散乱した設備や機材と思われる間に累々と人が横たわっている。

新型爆弾がと口々に騒ぐ人々に先ず横たわっている人々の生死の確認、適切な処置、工場設備の損害状況の把握、電源の復旧に何時間かかるか調べる様指示し、幹部たちの動静を調べるべく2階に駆け上がろうとした。

その際、男の動きを遮るように2人の憲兵が駈け込んで来た。

責任者は誰か、3日以内に電源、設備を復旧させよと誰にともなく怒鳴りつけた。

男は振り返り、憲兵の目を睨み付けた、そんな悠長なことを言って居れるのか、工場復旧は我々に任せ、持ち場に戻れと一喝、踵を返し階段を駆け上がりながら、あの憲兵は目に恐怖を宿し、宙に泳いでた、あんな連中では勝てないとの思いが頭をかすめた。

幹部達の部屋のドアや壁は外からの風に吹き飛ばされ、反対側の壁には黒い影が残っている場所もあった。

ほとんどの部屋が座席の後ろに窓が有り、暑さを避ける為、窓が開いていたせいか、机に突っ伏し、真っ黒く焦げた背中を見せているもの。
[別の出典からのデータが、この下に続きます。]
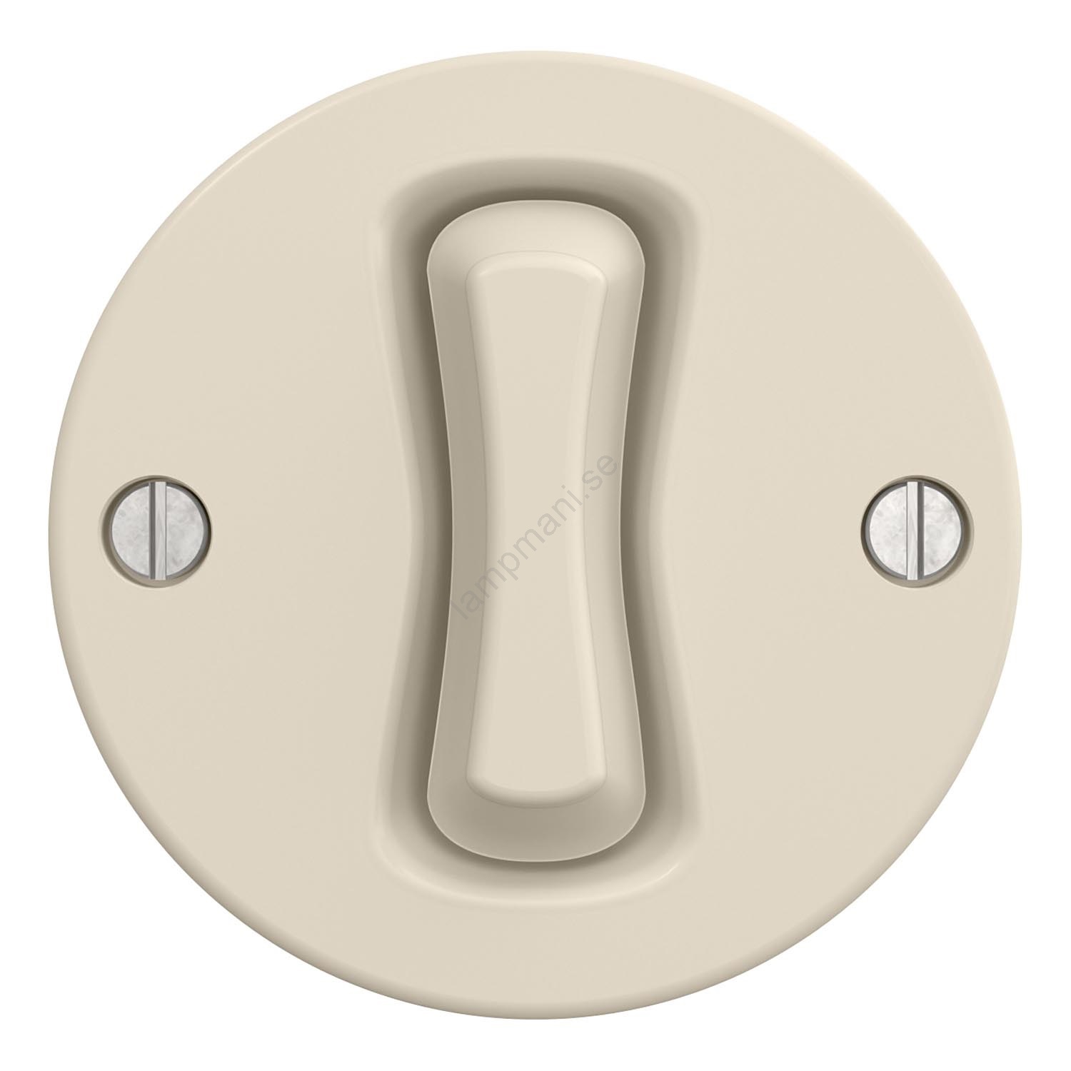 • Rund strömbrytare i beige nyans.

立ち上がって廊下に吹き飛ばされたもの、

閃光を浴びたと思われる箇所に黒いケロイド状の皮膚を見せて倒れこんでいるものがほとんど。約2名は更衣室に偶然入ったり、倉庫に物を取りに入り入ったりしたものが無事で有ったが、逆に窓が無い為,全く事情が分からず通常爆弾がさく裂したものかと勘違いしていた。
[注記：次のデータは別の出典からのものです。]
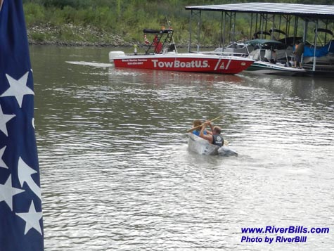 Headed for the finish line Rich and Tyler are out ahead by a boat length The Rebneck Princess is closing in fast !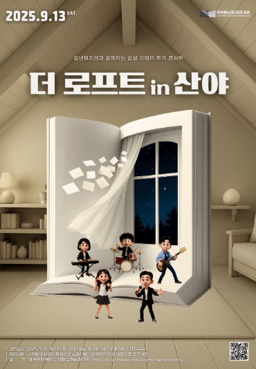 ‘더 로프트 in 산야’는 도서관의 음악 인재 육성 프로그램인 ‘레이블석영’에 선정된 밴드 ‘더 로프트’와 싱어송라이터 ‘산야’가 함께 꾸미는 감성 라이브 토크 콘서트로, 음악과 이야기가 어우러진 따뜻한 무대를 선보일 예정이다.

どれくらいの時間が過ぎたか、工場に降り、生存者、怪我人の処置,戦死者の措置を指示しながら、男は空を見上げた、途方もない不安と絶望感が広がってくるのを感じながら、又新型爆弾を落とされればどうなるのか、頭を振り全てを追い出し、すべきことを戦死者の為にも。雨が黒いシミを皮膚に作ったのに気が付いた。黒い雨??